Quarry currently will report that something is "running" forever, which makes it seem like there's a stuck queue job or that the database is allowing it to run forever when anything happens to a celery worker. This is quite misleading. There must be some way to detect that the worker is gone/dead/broken and return something better ("killed" would work, but a more explicit status would be better).

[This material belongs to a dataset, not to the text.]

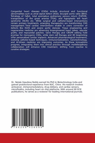 Congenital heart diseases (CHDs) include structural and functional abnormalities such as atrial septal defect (ASD), bicuspid aortic valve (BAV), Tetralogy of Fallot, total anomalous pulmonary venous return (TAPVR), transposition of the great arteries (TGA), and hypoplastic left heart syndrome (HLHS) etc. While surgical and catheter-based interventions remain primary treatments, emerging therapeutics are transforming CHD management. Fetal cardiac interventions enable in utero correction of defects like HLHS and severe aortic stenosis. Tissue engineering and regenerative medicine are advancing bioengineered heart valves, vascular grafts, and myocardial patches. Gene therapy and CRISPR editing hold promise for monogenic CHDs, while stem cell therapy and 3D bioprinting offer personalized cardiac implants. Advanced pharmacological treatments, evolving catheter-based techniques, immunomodulation, nanotechnology, and AI-driven medicine are improving outcomes. As these innovations progress, integrating them into clinical practice through multidisciplinary collaboration will enhance CHD treatment, shifting from reactive to curative strategies.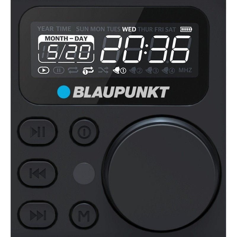 Hišni radio Blaupunkt HR5BR je majhen elektronski dodatek, ki se bo prilegal vaši kuhinji, pisarni ali sobi. Omogoča vam poslušanje in shranjevanje do 50 priljubljenih radijskih postaj, poleg tega pa lahko prisluhnete tudi priljubljenim avdio datotekam, shranjenim na microSD kartici ali USB ključku. AUX vhod omogoča povezovanje drugih avdio virov. HR5BR lahko uporabljate tudi kot radio uro, upravljate pa ga lahko kar z daljinskim upravljalnikom.

This would promote better bug reporting when things are down and shorten time to recover. It would also help users understand what's happening in general if they ran a query that fills the system RAM or something that isn't immediately fixable.

Event Timeline

Bstorm triaged this task as Medium priority.Mar 26 2021, 7:51 PM
Bstorm created this task.

Hmm. Is the goal trying to find when a worker gets SIGKILL-ed? Celery does
internally detect when a worker dies, as per the logs, but I did not figure
out how to hook it so that it would report to the db.

At least one occurrence of this error can be reproduced with a simple query like "Select page_title, page_title from page where page_id = 1", see T265155 or look at https://quarry.wmflabs.org/query/53652

Hmm. Is the goal trying to find when a worker gets SIGKILL-ed? Celery does
internally detect when a worker dies, as per the logs, but I did not figure
out how to hook it so that it would report to the db.

When it gets SIGKILL-ed or maybe also if other things happen...but mostly when it gets SIGKILL-ed because that's what I see happening regularly. If there's some kind of hook to place in a try: except: raise that'd be slick in general as well because anything that does cause exception also causes the confusing state just like SIGKILL does.

Thanks @Wurgl, that reproducible example should help.

Overall, this is a bug that has it's own workboard column, so it seems like a place to spend some time if it has been confusing people for that many years.

Workers sometimes die unexpectedly, and leave the db in the state described "Running". One method to clean this up may be to inspect the running processes on the quarry database. As a dead worker will not have a running process, Any process that is in the running state and is older than the oldest process in quarry can be updated to "failed" from "running". I believe this will clean out any not really running processes that are older than an hour.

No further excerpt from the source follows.